CES Stories | Early Women of CES Series | International Women’s Day
Harveyetta Stone has spent nearly two decades ensuring the people of CES are seen, supported, and cared for — because that’s simply who she is.
Long before Harveyetta Stone had a title or a corner of the org chart to call her own, she had a purpose. As a child, she was always the one who noticed when someone needed help — and moved toward them. That instinct never left her. It just found a bigger stage.
Today, as CES’s Benefits Manager, Harveyetta is the person behind every health plan, every wellness program, every quiet moment of support that employees may never fully realize came from her. She is, in the truest sense, the person who takes care of the people who take care of CES.

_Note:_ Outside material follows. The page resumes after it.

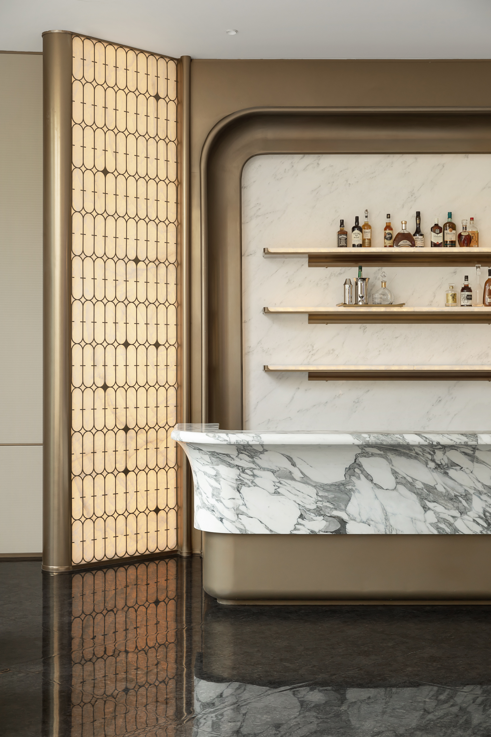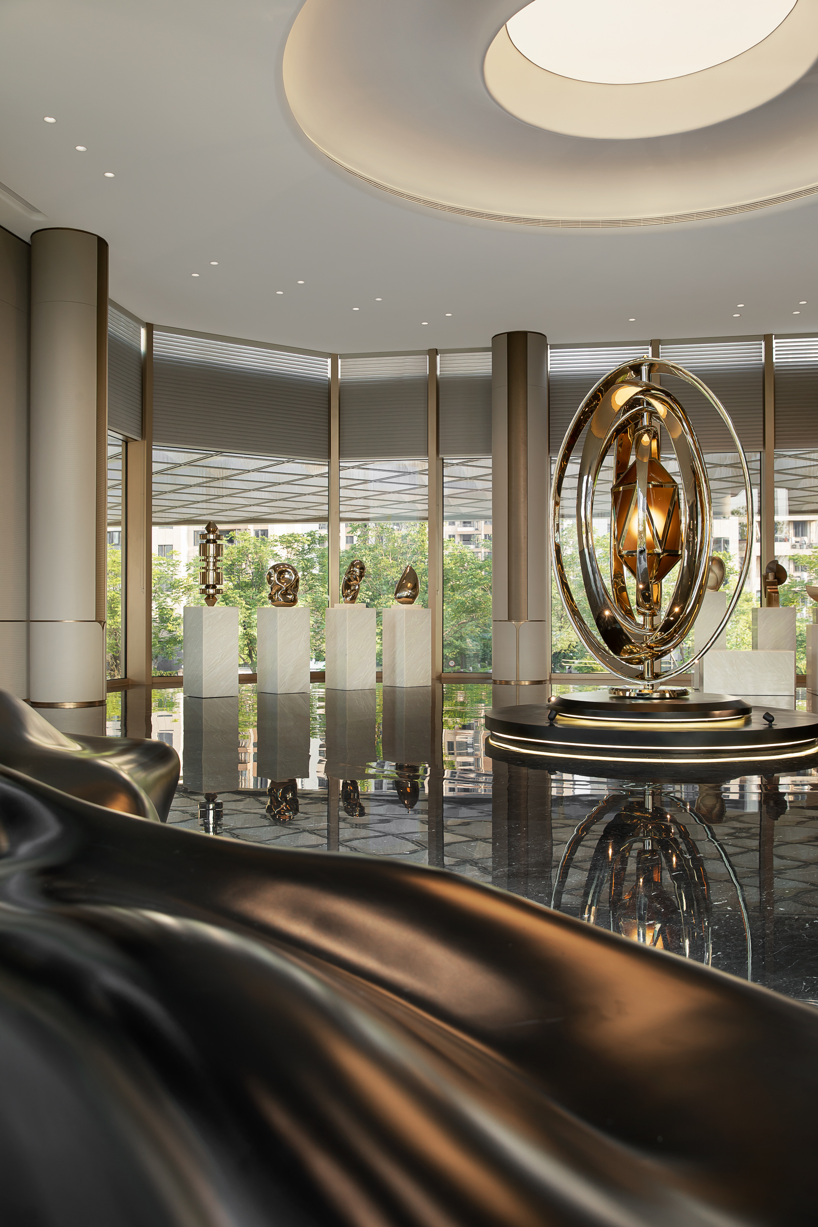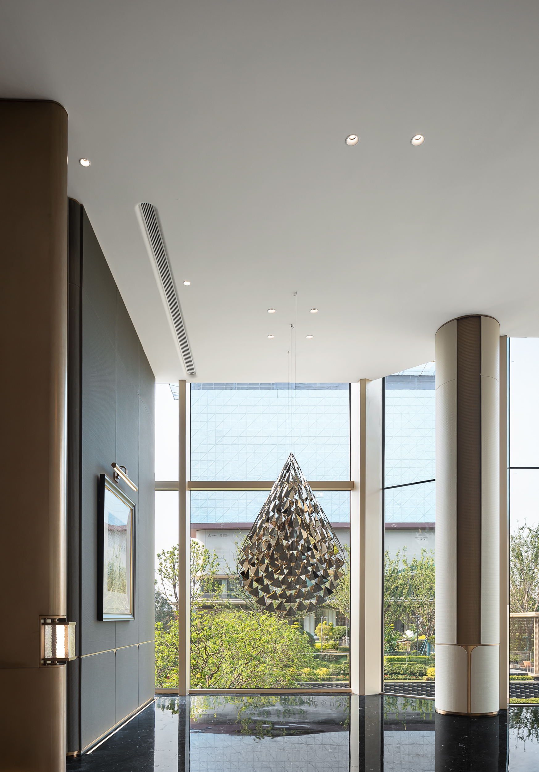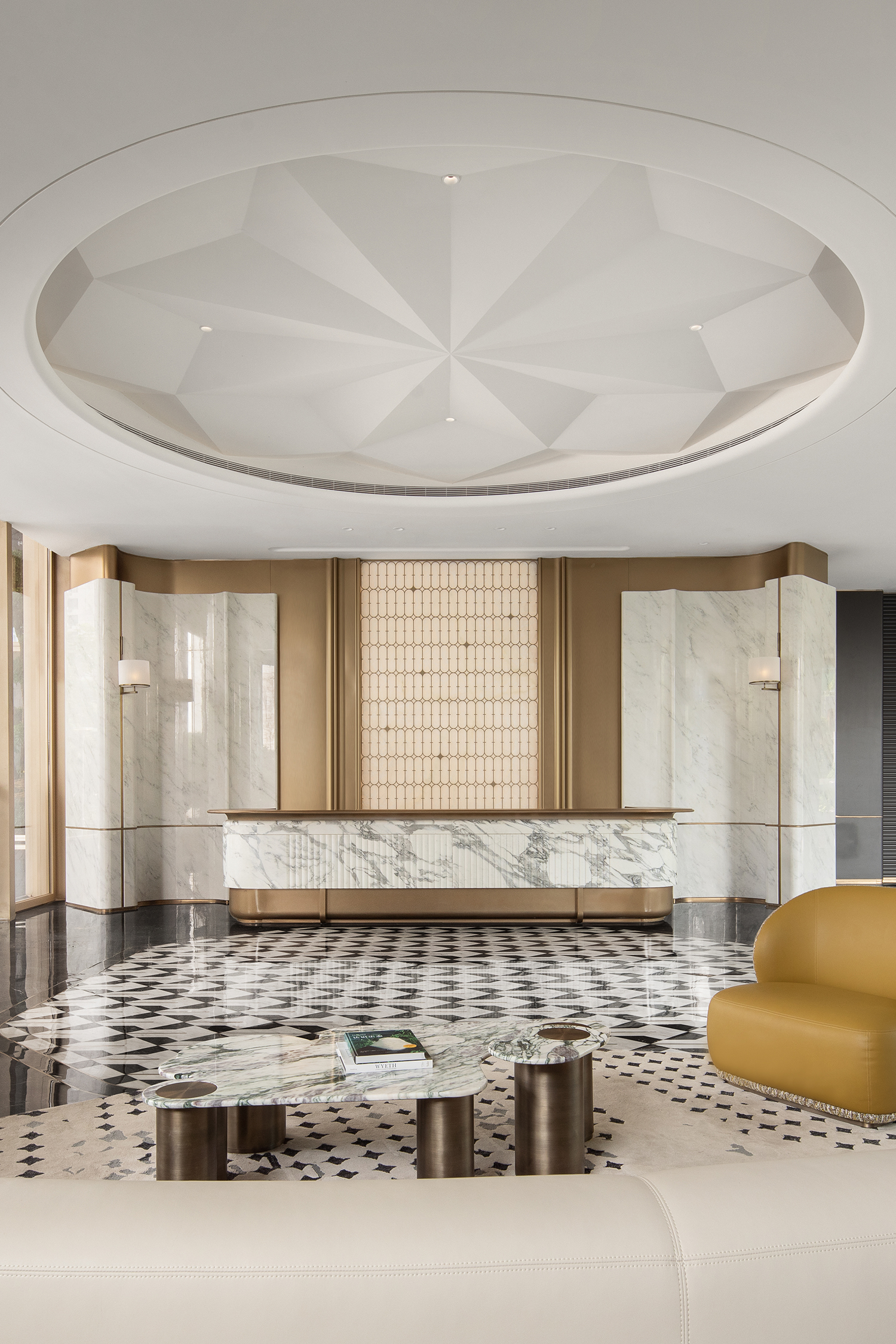 The entrance hall embodies a realm of luxurious expanse. The ceiling is inspired by the multifaceted edges of a diamond, a metaphor for the tempering of time. The space exudes an eternal grace moving with light. The cool sheen of metal complements the warm luster of marble. The flowing poetry wanders through the space, creating a luxurious and elegant atmosphere. Together, they construct an impression of a space that is a kaleidoscope of light and shadow.

Fifteen Years of Showing Up
Before CES, Harveyetta spent 15 years at ASTM International, a globally recognized standards development organization. Three roles, each lasting roughly five years. It tells you something about her: she doesn’t dabble. She commits, grows, and goes deep.
When a recruiter called about an Administrative Assistant role at a company called Customized Energy Solutions, she was immediately intrigued. She’d never heard of anything quite like it. An interview was scheduled.
Then a death in the family made it impossible to attend.
What happened next told Harveyetta everything she needed to know about CES. CEO Stephen Fernands didn’t move on. He rescheduled. She came in, interviewed, and received an offer the very same day.
“That act of grace stayed with me,” she reflects. “It told me this was a place that saw people as people.”
A Role That Had Her Name on It
When Harveyetta joined CES, there were 13 associates company-wide. Thirteen. She has watched it grow from that small, scrappy team into a global organization, welcoming some of the energy industry’s most talented professionals along the way.
Within two years, CES was growing so quickly that Stephen created an entirely new role — Benefits Manager — and asked if Harveyetta wanted it. She said yes. Then CES did something she still marvels at: it paid for her education. She finished her bachelor’s degree and went on to complete Villanova University’s Master’s program in Human Resources Development, finishing with a 3.53 GPA.
“I believe this role had my name on it long before I arrived,” she says. “It was through that educational experience that I really grew it into what it is today.”
Benefits, But Make It Human
Ask Harveyetta what makes her approach to benefits different, and she gets personal fast. “Mental, emotional, and spiritual well-being fosters balance, resilience, and authenticity that is often overlooked. I care about these things because I also need them myself. I’m not separate from the people I serve.”
That’s the Harveyetta philosophy: wellness is not a checkbox. CES’s benefits package reflects this, extending well beyond health and dental to touch mental health, physical fitness, spiritual wellness, and professional coaching. She’s proud of that breadth — because she shaped it.
Her most recent project — helping build and implement a new accounting software platform — required managing two systems simultaneously while keeping everything else running. It tested her. She’ll tell you that openly.
“The most challenging thing I’ve solved recently was learning how to protect my own mental wellness during that process,” she says. “I learned the importance of setting boundaries, breaking down overwhelming tasks, and knowing when to disconnect. It’s advice I give others. I had to take it myself.”
Growing With CES, Globally
As CES has expanded internationally, so has Harveyetta’s reach. She was recently asked to join CES’s POSH Committee — a body required for Indian workplaces with 10 or more associates, designed to prevent, prohibit, and redress sexual harassment. For Harveyetta, it’s a new frontier, and she’s embracing it.
“This is a new venture for me and I’m excited to be a part of it,” she says. It’s a small detail that speaks volumes: a woman who joined a 13-person company is now helping shape the culture of its global operations.
The Garden, the Grandchildren, and Growing Things
Outside the office, Harveyetta is a grandmother three times over — and she lights up describing each one. There’s her 14-year-old grandson, about to travel to Japan. Her 8-year-old grandson who, she laughs, “thinks he’s invincible.” And her 6-year-old granddaughter who is “so eager to change the world.”
Every spring, she looks forward to one thing above nearly all else: the garden. She sews, reads, watches movies, and finds deep recharge in the simple, grounding rhythms of home life. It’s fitting. She tends to growing things — professionally and personally.